他叫郑成月,广平县公安局原副局长。2005年,他亲手揪出聂树斌案真凶,却把自己推进了深渊。只要他装看不见,按原卷宗结案,仕途稳稳当当。

一桩旧案,一个选择,把一个副局长推上风口。2005年,广平县公安局的郑成月,押回在河南荥阳抓到的通缉犯王书金,审讯室里那番自述,像刀子一样扎进了他的心。

王书金主动供述了四起强奸杀人案件,其中一起的案发地点,是石家庄西郊那片青纱摇曳的玉米地。案件犹如阴霾,笼罩着那片古老的土地。他说出被害人的衣着,提到现场遗留的物品,细节清楚得让人后背发凉。

问题在这儿就来了,这案子在卷宗里早已结案。1995年,时光的车轮碾过,聂树斌的生命戛然而止,他在那年被执行枪决。一案两凶,咋解释,谁来负责?

换个人,也许就把口供压下去了。案子是外地办的,盖棺定论了,少惹事,路更顺。可他偏偏不。

郑成月生于1958年,年少时投身军旅。退伍之后,他回归地方,于当地银行担任保卫一职,继续在平凡岗位上坚守职责。年过而立,他如愿考入中国政法大学法律系。

学有所成后荣归故里,投身警界成为一名刑警。凭借卓越能力与不懈努力,他一路擢升,终至主管刑侦的副局长之位。

在刑警队那几年,他爱较真,也敢冲。这回,他把口供一条条核对,又带着王书金多次去现场指认。随着调查的深入,种种迹象愈发确凿地指向一个令人痛心的可能——聂树斌蒙冤的概率极大,曾经的错判或许即将真相大白。
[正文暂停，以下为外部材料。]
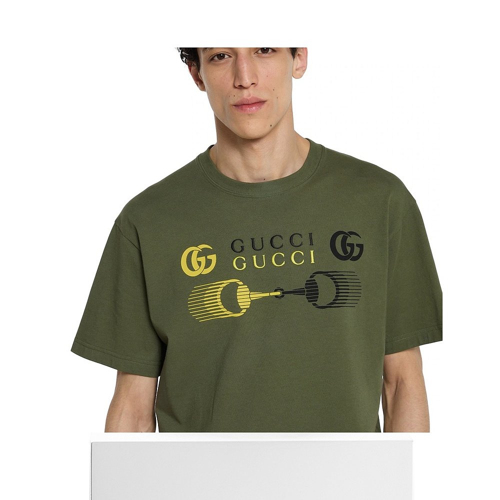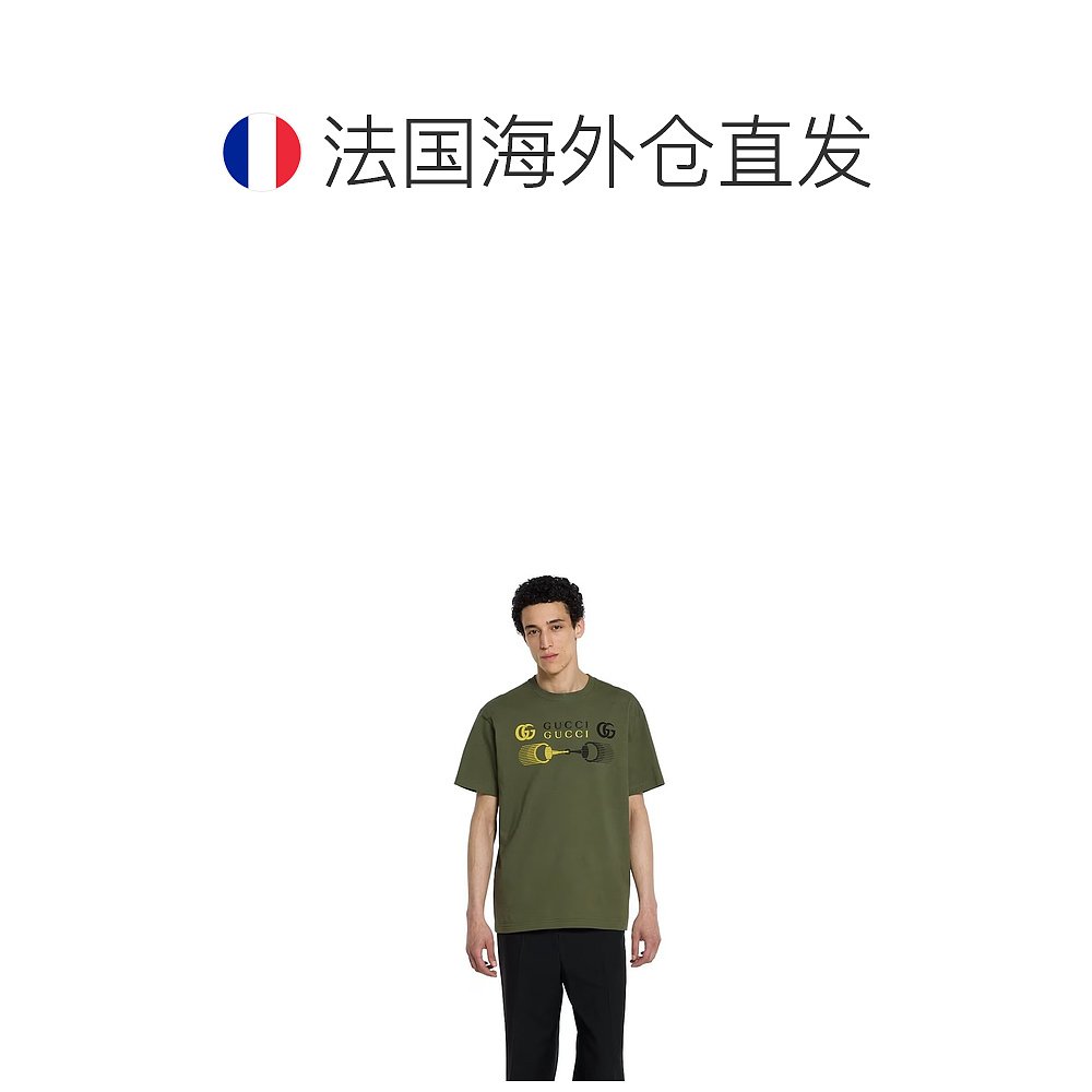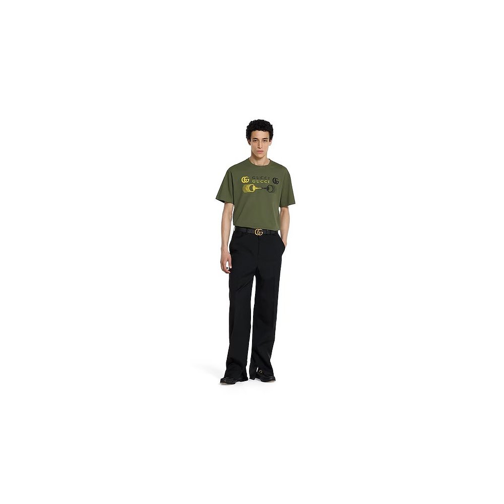 自营欧洲直邮Gucci/古驰 男士森林绿棉双G马衔扣印花短袖T恤针织

他将所有卷宗悉数调出,逐一审阅之际,敏锐地发觉那最为关键的七天审讯记录竟踪迹全无,仿若被无形之手抹去。周遭众人皆称聂树斌生性怯懦,胆小如鼠。平日里,就连杀鸡这般寻常之事,他都不敢为之,足见其胆小之甚。这些细节,让他更下不去心。

他走正规程序,把情况层层上报。苦盼回音而不得,那石头仿若带着满心怅惘,决然地坠入水中。要不要装作没看见,安稳到退休?

他说不行,人命大过天,他穿这身警服,不能装盲。2005年3月之际,他将“一案两凶”这一特殊情况公之于媒体,使此信息得以进入公众视野。

报纸见光,全国震动。自那日伊始,他的人生轨迹蓦然偏转。仕途之路陡然失却缓冲地带,如骤临峭壁。压力似汹涌潮水,一波未平一波又起,接踵而至,令人几无喘息之机。

先是工作被打压,没多久就被调离刑侦。到2009年,才49岁的他被要求提前离岗,副局长的牌子摘了,成了普通民警。

风波没停在单位,家里接着出事。老人重病,他借了三十万救命,还不上,账户被法院冻结,连基本生活费都没留,房子也被查封。

妻子失了业,心力交瘁,多次喝农药寻死。儿子考公务员,笔试过了,面试莫名落榜,心里对父亲堵着气,不愿多说话。

还有调查组盯着他,整整查了半年,最长连续问了四十八小时。结论没查出问题,可家散了,人也被贴了标签。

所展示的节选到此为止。